(Work order)
Starting with the line that includes "2. Teamwork Zone", write out every remaining line of the records below exactly as it appears, leaving out any images.

(Available data)

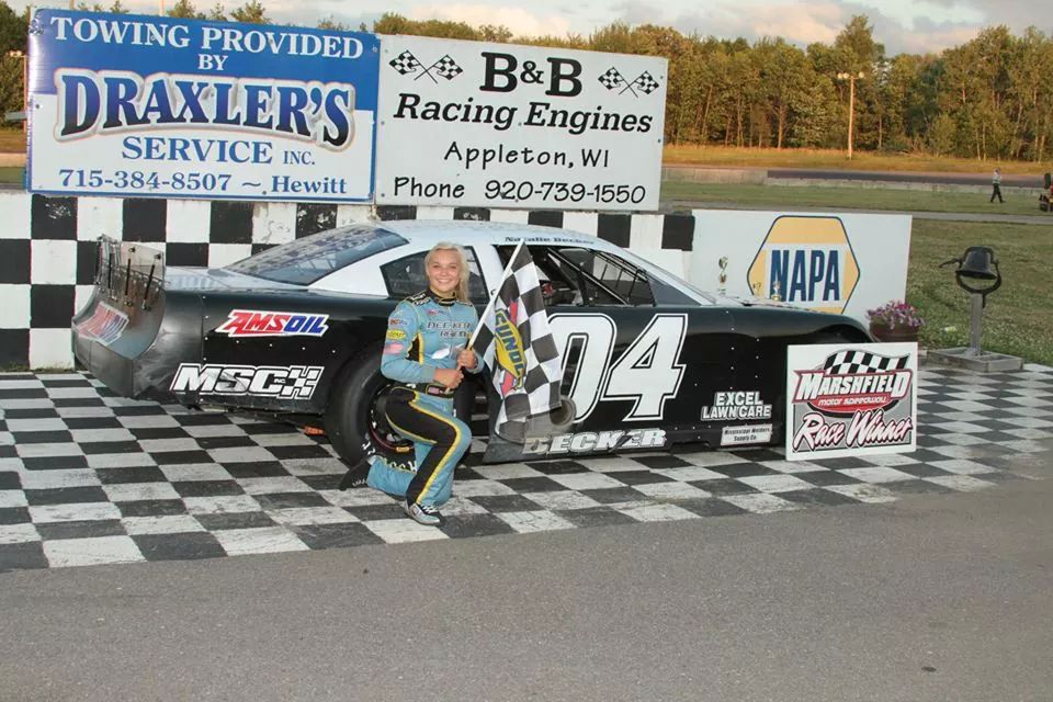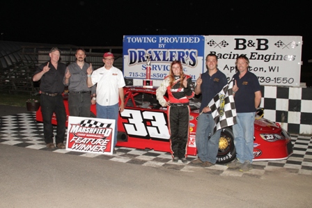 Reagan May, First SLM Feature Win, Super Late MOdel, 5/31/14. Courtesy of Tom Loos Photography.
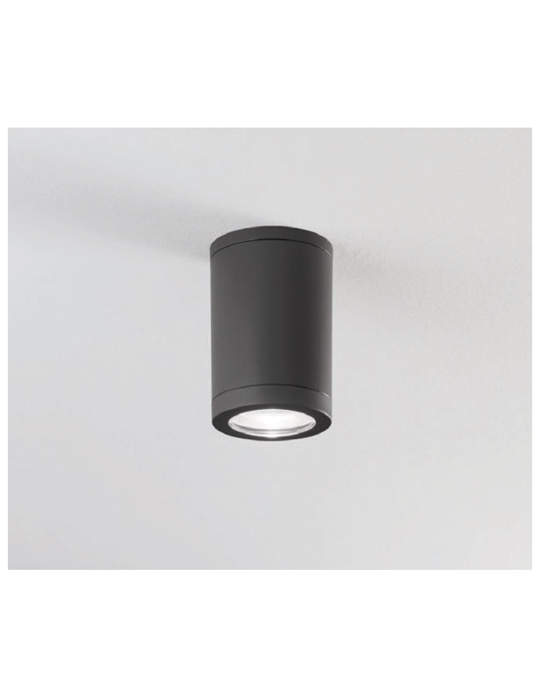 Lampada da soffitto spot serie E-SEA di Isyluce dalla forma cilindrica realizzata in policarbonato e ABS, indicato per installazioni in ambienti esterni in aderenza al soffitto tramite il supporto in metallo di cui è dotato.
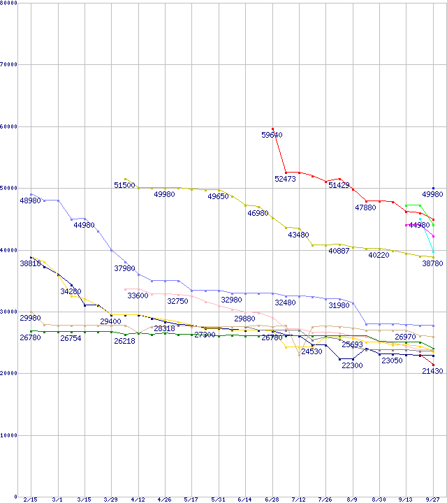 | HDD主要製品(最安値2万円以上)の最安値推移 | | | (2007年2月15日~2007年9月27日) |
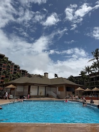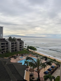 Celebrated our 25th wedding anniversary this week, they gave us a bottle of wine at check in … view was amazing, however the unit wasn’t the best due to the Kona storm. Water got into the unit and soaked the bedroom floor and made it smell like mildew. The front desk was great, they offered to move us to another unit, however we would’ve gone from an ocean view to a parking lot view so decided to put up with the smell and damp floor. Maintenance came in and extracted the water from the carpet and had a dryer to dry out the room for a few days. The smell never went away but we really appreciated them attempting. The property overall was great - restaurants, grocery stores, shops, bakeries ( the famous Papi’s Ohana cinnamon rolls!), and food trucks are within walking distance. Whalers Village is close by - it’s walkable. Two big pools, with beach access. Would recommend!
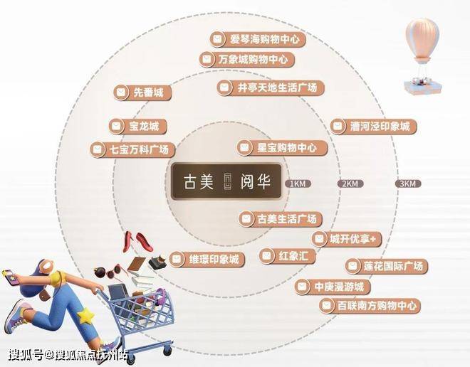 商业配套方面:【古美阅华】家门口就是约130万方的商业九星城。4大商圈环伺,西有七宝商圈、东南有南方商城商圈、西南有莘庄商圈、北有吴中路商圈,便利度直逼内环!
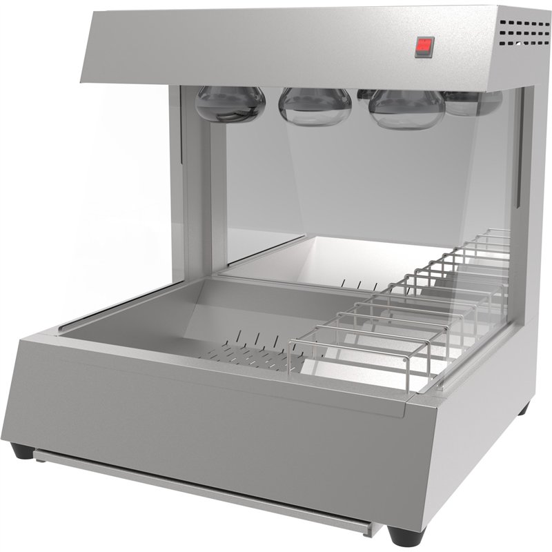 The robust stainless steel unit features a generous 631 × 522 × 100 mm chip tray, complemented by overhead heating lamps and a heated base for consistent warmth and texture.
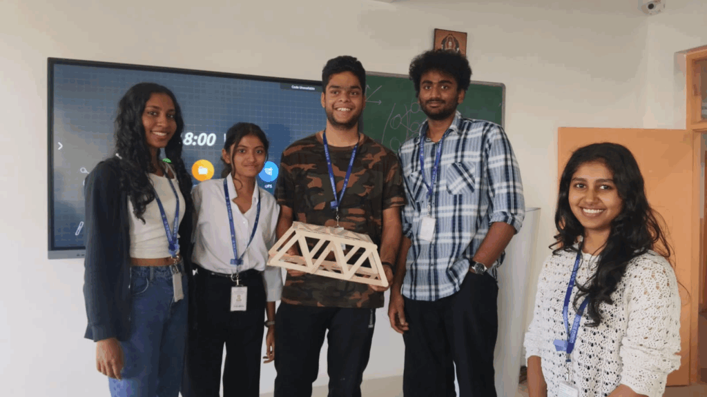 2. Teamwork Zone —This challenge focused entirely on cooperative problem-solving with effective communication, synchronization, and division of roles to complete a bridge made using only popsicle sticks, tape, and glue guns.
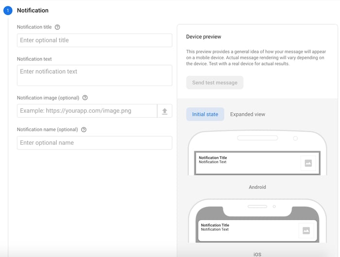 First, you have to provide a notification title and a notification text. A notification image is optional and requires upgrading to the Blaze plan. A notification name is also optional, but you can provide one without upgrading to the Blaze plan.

(End Available data)

(Reply)
 2. Teamwork Zone —This challenge focused entirely on cooperative problem-solving with effective communication, synchronization, and division of roles to complete a bridge made using only popsicle sticks, tape, and glue guns.
 First, you have to provide a notification title and a notification text. A notification image is optional and requires upgrading to the Blaze plan. A notification name is also optional, but you can provide one without upgrading to the Blaze plan.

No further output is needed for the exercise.